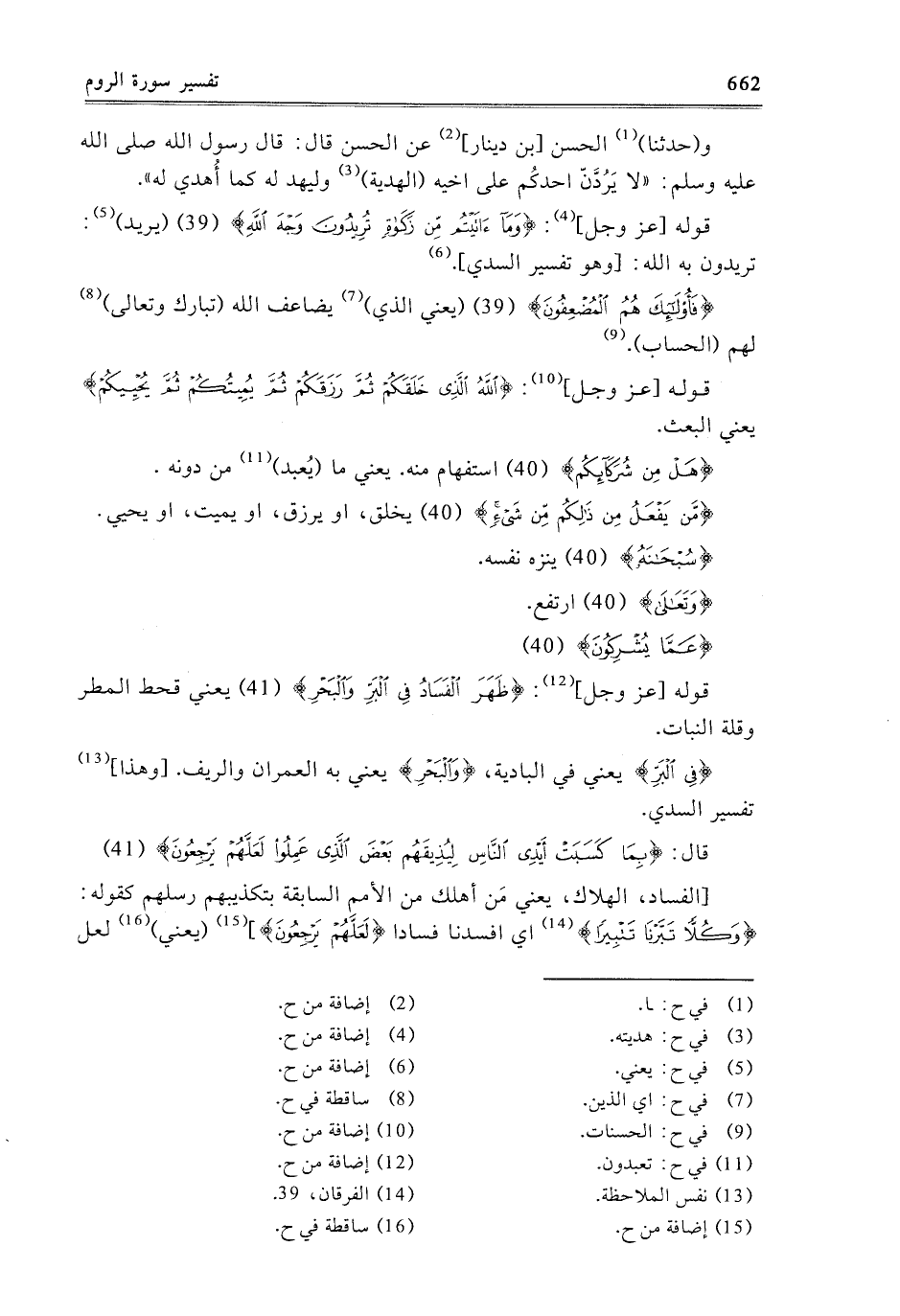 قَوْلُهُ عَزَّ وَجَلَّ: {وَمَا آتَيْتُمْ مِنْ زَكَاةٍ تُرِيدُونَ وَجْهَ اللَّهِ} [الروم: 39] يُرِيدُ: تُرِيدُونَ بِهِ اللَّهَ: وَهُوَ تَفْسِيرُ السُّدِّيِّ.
* * *
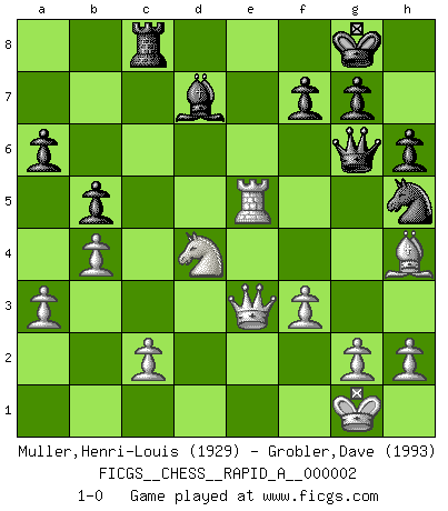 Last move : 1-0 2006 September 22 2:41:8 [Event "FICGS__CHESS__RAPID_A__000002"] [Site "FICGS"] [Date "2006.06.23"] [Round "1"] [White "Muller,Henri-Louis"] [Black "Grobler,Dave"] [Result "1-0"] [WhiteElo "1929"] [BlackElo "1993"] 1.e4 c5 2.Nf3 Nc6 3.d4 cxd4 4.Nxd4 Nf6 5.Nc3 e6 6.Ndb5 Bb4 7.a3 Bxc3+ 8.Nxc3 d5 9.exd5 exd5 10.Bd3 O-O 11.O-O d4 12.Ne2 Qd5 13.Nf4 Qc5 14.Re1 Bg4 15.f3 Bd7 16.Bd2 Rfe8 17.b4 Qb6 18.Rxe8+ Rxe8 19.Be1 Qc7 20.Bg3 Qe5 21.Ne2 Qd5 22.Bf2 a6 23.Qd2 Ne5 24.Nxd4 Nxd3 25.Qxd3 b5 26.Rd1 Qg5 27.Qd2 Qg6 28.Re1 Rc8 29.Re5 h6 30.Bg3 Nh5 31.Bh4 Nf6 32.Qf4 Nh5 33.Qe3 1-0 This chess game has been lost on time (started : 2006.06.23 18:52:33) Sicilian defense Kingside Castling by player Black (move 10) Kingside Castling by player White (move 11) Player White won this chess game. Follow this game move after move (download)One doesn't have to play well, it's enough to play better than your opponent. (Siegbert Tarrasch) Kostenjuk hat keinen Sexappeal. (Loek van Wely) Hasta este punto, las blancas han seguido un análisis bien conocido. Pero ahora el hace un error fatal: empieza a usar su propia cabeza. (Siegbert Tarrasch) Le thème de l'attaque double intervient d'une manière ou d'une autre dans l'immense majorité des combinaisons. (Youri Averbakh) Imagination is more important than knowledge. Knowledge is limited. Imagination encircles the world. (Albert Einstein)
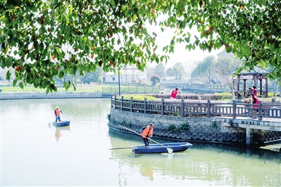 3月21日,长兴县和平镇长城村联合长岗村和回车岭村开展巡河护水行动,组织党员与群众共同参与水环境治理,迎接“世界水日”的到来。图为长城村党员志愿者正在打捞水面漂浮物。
* * *
[TASK DESCRIPTION]
Out of the records above, please copy exactly the lines from the line with "Last move : 1-0" up to and including the line with "3月21日,长兴县和平镇长城", minus the pictures.

[ANSWER SECTION]
 Last move : 1-0 2006 September 22 2:41:8 [Event "FICGS__CHESS__RAPID_A__000002"] [Site "FICGS"] [Date "2006.06.23"] [Round "1"] [White "Muller,Henri-Louis"] [Black "Grobler,Dave"] [Result "1-0"] [WhiteElo "1929"] [BlackElo "1993"] 1.e4 c5 2.Nf3 Nc6 3.d4 cxd4 4.Nxd4 Nf6 5.Nc3 e6 6.Ndb5 Bb4 7.a3 Bxc3+ 8.Nxc3 d5 9.exd5 exd5 10.Bd3 O-O 11.O-O d4 12.Ne2 Qd5 13.Nf4 Qc5 14.Re1 Bg4 15.f3 Bd7 16.Bd2 Rfe8 17.b4 Qb6 18.Rxe8+ Rxe8 19.Be1 Qc7 20.Bg3 Qe5 21.Ne2 Qd5 22.Bf2 a6 23.Qd2 Ne5 24.Nxd4 Nxd3 25.Qxd3 b5 26.Rd1 Qg5 27.Qd2 Qg6 28.Re1 Rc8 29.Re5 h6 30.Bg3 Nh5 31.Bh4 Nf6 32.Qf4 Nh5 33.Qe3 1-0 This chess game has been lost on time (started : 2006.06.23 18:52:33) Sicilian defense Kingside Castling by player Black (move 10) Kingside Castling by player White (move 11) Player White won this chess game. Follow this game move after move (download)One doesn't have to play well, it's enough to play better than your opponent. (Siegbert Tarrasch) Kostenjuk hat keinen Sexappeal. (Loek van Wely) Hasta este punto, las blancas han seguido un análisis bien conocido. Pero ahora el hace un error fatal: empieza a usar su propia cabeza. (Siegbert Tarrasch) Le thème de l'attaque double intervient d'une manière ou d'une autre dans l'immense majorité des combinaisons. (Youri Averbakh) Imagination is more important than knowledge. Knowledge is limited. Imagination encircles the world. (Albert Einstein)
 3月21日,长兴县和平镇长城村联合长岗村和回车岭村开展巡河护水行动,组织党员与群众共同参与水环境治理,迎接“世界水日”的到来。图为长城村党员志愿者正在打捞水面漂浮物。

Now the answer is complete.